It's interesting that my wife a month or so ago used the exact expression that she was "cautiously optimistic."

The values that were associated with my addictive thinking were that I needed to "buy" acceptance, approval and love, that I was essentially unworthy and needed to manipulate people to get them to like me. MORE TOMORROW....

II. Looking back at my prioritized values, I would further revise them now to be more in line with my current experience in healthy recovery. Particularly, I would prioritize being aware of my feelings and expressing them honestly. Just today I bacame aware of a knot in my gut, and realized I was not expressing some anger I feel towards my wife's recent behavior. So I shouted and ranted in my car by myself to discharge that energy, then let myself sink into the pain and sadness underneath it. I came home and cried out my sorrow. I've been expressing my feelings to my wife over emails, since she's gone for two months working in Germany, and she's acted out over there, I believe as a result of the stress she's been under dealing with the trauma I've activated in her by my disclosure. I'm afraid of losing her, but I'm resolved to feel my pain and own my responsibility for bringing her to the state she's in, regardless of her need to own her behavior. So I yelled, then cried.

That's a good seque to the value of being persent for others and their emotional experience. Especially for my wife, I see her struggling with her feelings of acting against her values. I need to let her have space to sort that out for herself, without judgement that she should "be responsible" or "own her actions" or "deal with the consequences of her behavior." I hope she will, but that's for her in her own time. For me, I want to support her, be sure she knows I love her, and be honest with my own feelings and reactions, without blaming her for my feelings. It ain't easy. But it's a high value for me.

I have embraced prayer, and my practices have been more consistent than any other time in my life.

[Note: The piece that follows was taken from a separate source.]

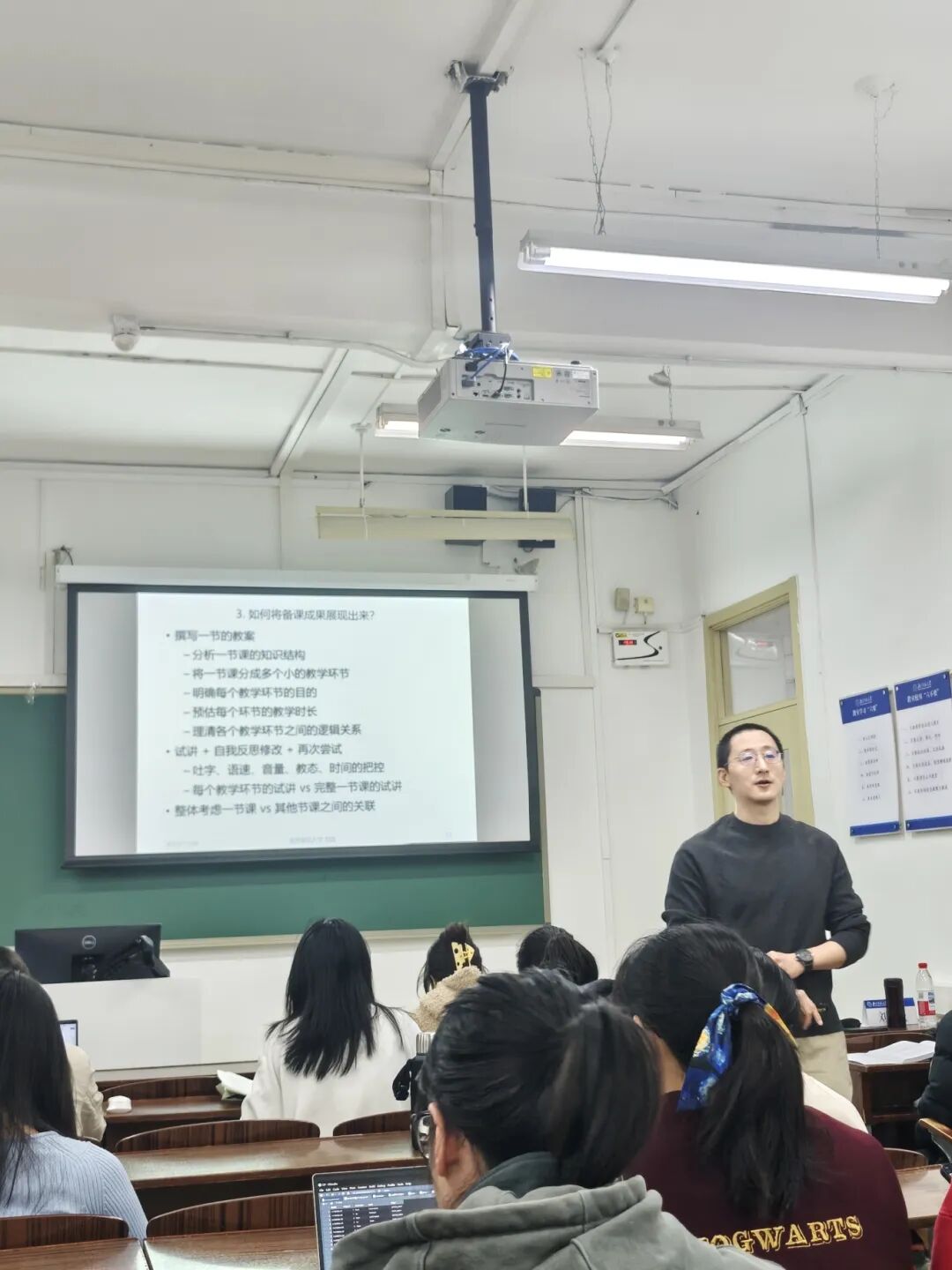 刘晟老师建议同学们,在备课完成之后,先撰写一节课程的教案,在此过程中可以分析一节课的知识结构,将一节课分成多个小的教学环节,更加明确每个教学环节的目的,理清各个教学环节之间的逻辑关系,并且在撰写的过程中还可以预估每个环节的教学时长;在撰写完成之后还可以通过试讲的方式来把控课程的内容,通过每个教学环节的试讲来完成一整节课的时间,最后联系该节课与其他课程之间的关系,完成并丰富课程内容。
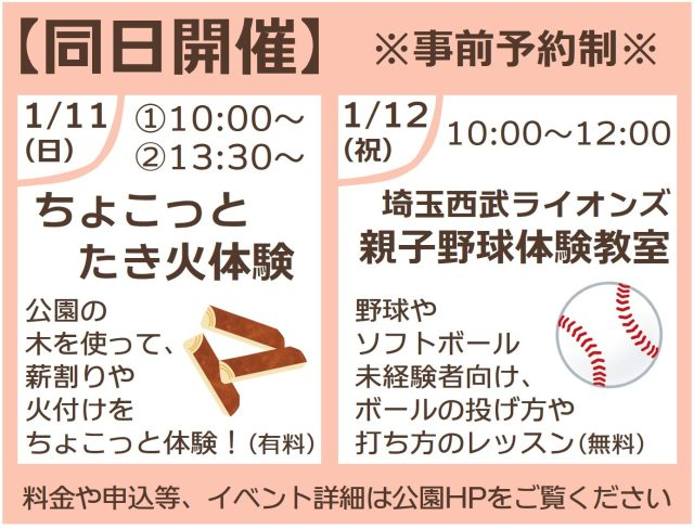 | 1月11日の主な催し | ちょこっとたき火体験(1回目 10:00~ / 2回目 13:30~)公園の木を使った薪割りや火付け体験 |

I do a prayer each morning, though I haven't been getting up early enough to include the purification breaths. I do seek refuge in the Serenity and 3rh Step Prayers frequently throughout the day as I perceive myself becoming reactive. So, my recovery is consonant with these values at least.

I'm not sure what to say about my unhealthy recovery patterns. I know I do middle circle activity more regularly than is healthy, especially drinking. I have a couple of drinks most every night, while my goal has been to drink only a couple of nights a week. I still have a tendency to think "I need a break" which I know to be an addictive excuse for not staying present. TV is a big lure for me that takes me away from more supportive activities.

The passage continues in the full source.